Example 8.1 (continued): What is the estimated population mean fasting glucose among individuals with a waist circumference of 120 cm, who have never smoked, are age 35 years, female, and Hispanic, and have an annual income from $25,000 to < $55,000?
# Always include the intercept for estimation
# Specify a 1 for the intercept, a # for each continuous predictor
# and a 1 for each non-reference level of a categorical variable.
# If a predictor is at its reference level, it should be left out.
svycontrast_design_df(fit.ex8.1,
c("(Intercept)" = 1,
"BMXWAIST" = 120,
"RIDAGEYR" = 35,
"RIAGENDRFemale" = 1,
"income$25,000 to < $55,000" = 1))
## est lower upper
## 1 6.302 6.018 6.585
Conclusion: The estimated population mean fasting glucose among such individuals is 6.30 mmol/L (95% CI = 6.02, 6.59).
8.4.3 Interactions
The syntax for including an interaction in svyglm()
is exactly as in lm()
: add X:Z
to include an interaction between X
and Z
.
Example 8.2: Does the association between the outcome fasting glucose (LBDGLUSI
) and waist circumference (BMXWAIST
) depend on gender (RIAGENDR
), adjusted for smoking status, age, race, and income?
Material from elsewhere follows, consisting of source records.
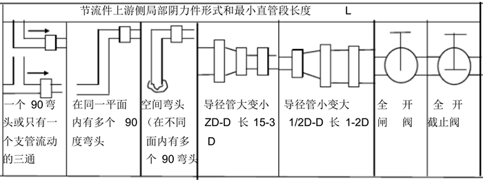 節流裝置的安裝和適用於下列管段和管件有關:節流件上遊側*一阻力件、*二阻力件,節流件下右側*一阻力件,從節流件上遊*二阻力件到下遊*一阻力件之間的管段以及差壓訊號管路等。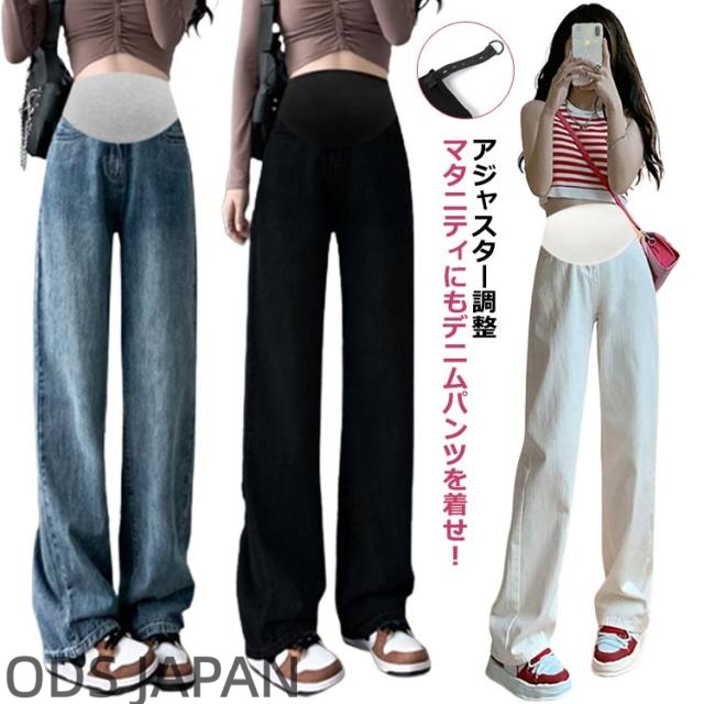 マタニティ デニムパンツ レギンス 春秋 春 秋 デニム デニム素材 10分丈 妊娠 妊婦 ワイドパンツ インナー デニム マタニティ対応 防寒 冷房対策 トレンド スリット 秋 冬 秋冬 ブラック アイボリー パンツ レギパン ブルー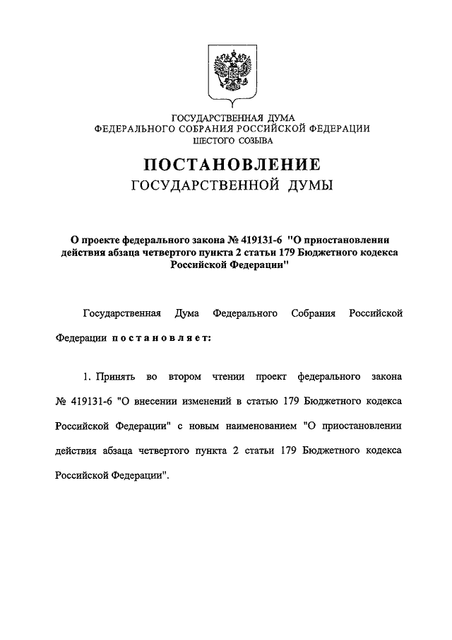 "О ПРОЕКТЕ ФЕДЕРАЛЬНОГО ЗАКОНА N 419131-6 "О ПРИОСТАНОВЛЕНИИ ДЕЙСТВИЯ АБЗАЦА ЧЕТВЕРТОГО ПУНКТА 2 СТАТЬИ 179 БЮДЖЕТНОГО КОДЕКСА РОССИЙСКОЙ ФЕДЕРАЦИИ"

Correctly incorporate the NHANES survey design to obtain an estimate of the waist circumference slope for each gender that is generalizable to the population.
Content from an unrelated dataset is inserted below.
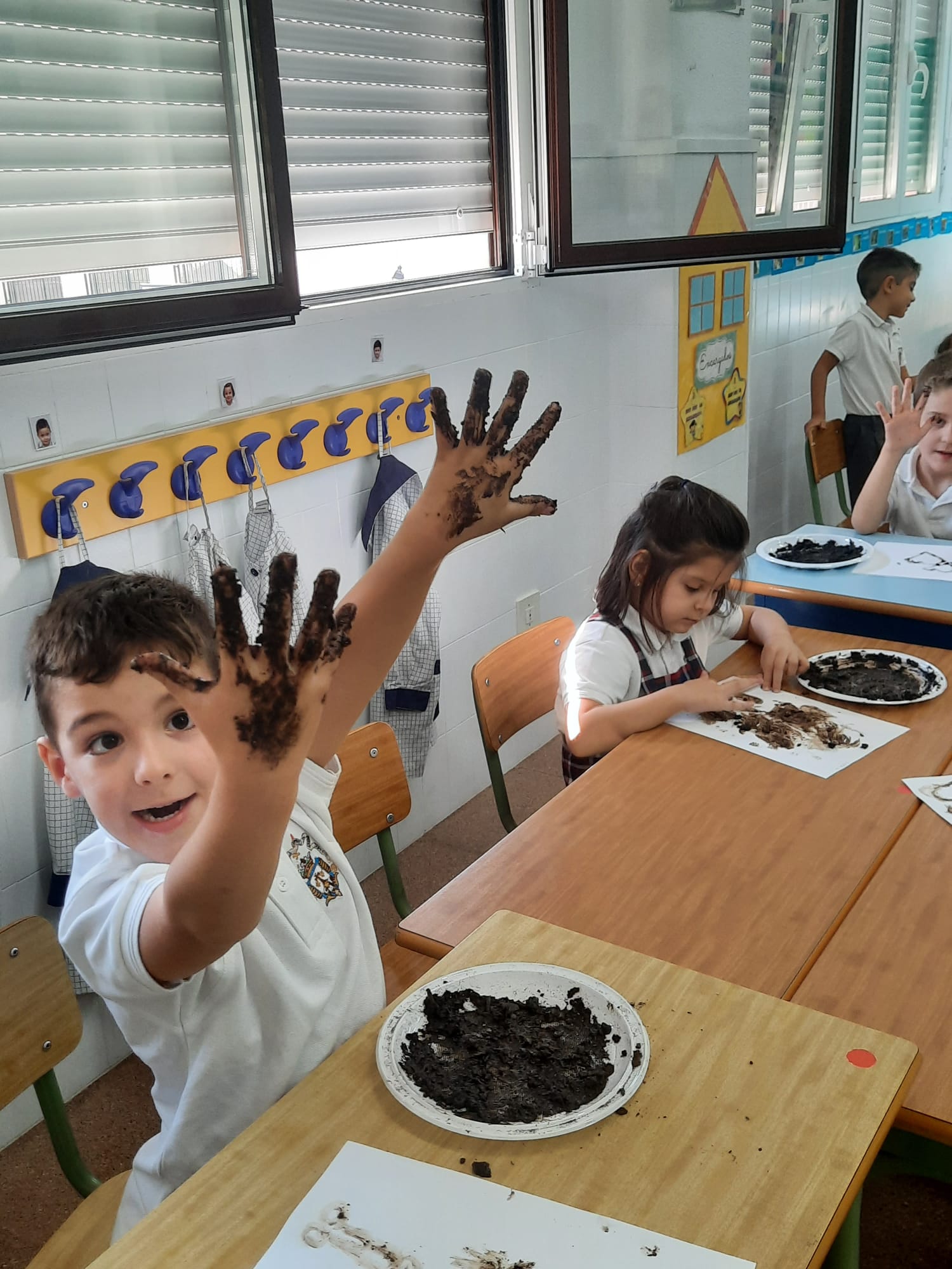 Los alumnos de educación infantil 5 años han experimentado los diferentes estados del barro con agua .

fit.ex8.2 <- svyglm(LBDGLUSI ~ BMXWAIST + smoker + RIDAGEYR +
RIAGENDR + race_eth + income + BMXWAIST:RIAGENDR,
family=gaussian(), design=design.FST.nomiss)
round(
cbind(
summary(fit.ex8.2,
df.resid=degf(fit.ex8.2$survey.design))$coef,
confint(fit.ex8.2,
ddf=degf(fit.ex8.2$survey.design))
)
, 4)
## Estimate Std. Error t value Pr(>|t|) 2.5 % 97.5 %
## (Intercept) 3.2130 0.4739 6.7793 0.0000 2.2028 4.2231
## BMXWAIST 0.0239 0.0048 4.9532 0.0002 0.0136 0.0342
## smokerPast 0.1937 0.0991 1.9546 0.0695 -0.0175 0.4050
## smokerCurrent 0.0102 0.1151 0.0886 0.9305 -0.2351 0.2555
## RIDAGEYR 0.0208 0.0023 9.2184 0.0000 0.0160 0.0256
## RIAGENDRFemale -0.0256 0.5868 -0.0437 0.9657 -1.2765 1.2252
## race_ethNon-Hispanic White -0.3429 0.1447 -2.3705 0.0316 -0.6513 -0.0346
## race_ethNon-Hispanic Black -0.2495 0.1573 -1.5866 0.1335 -0.5848 0.0857
## race_ethNon-Hispanic Other -0.1085 0.1374 -0.7898 0.4420 -0.4014 0.1843
## income$25,000 to < $55,000 -0.1447 0.1409 -1.0269 0.3207 -0.4450 0.1556
## income$55,000+ -0.1257 0.0911 -1.3795 0.1880 -0.3198 0.0685
## BMXWAIST:RIAGENDRFemale -0.0031 0.0055 -0.5592 0.5843 -0.0147 0.0086
The p-value for BMXWAIST:RIAGENDRFemale
is larger than 0.05 so the interaction is not statistically significant.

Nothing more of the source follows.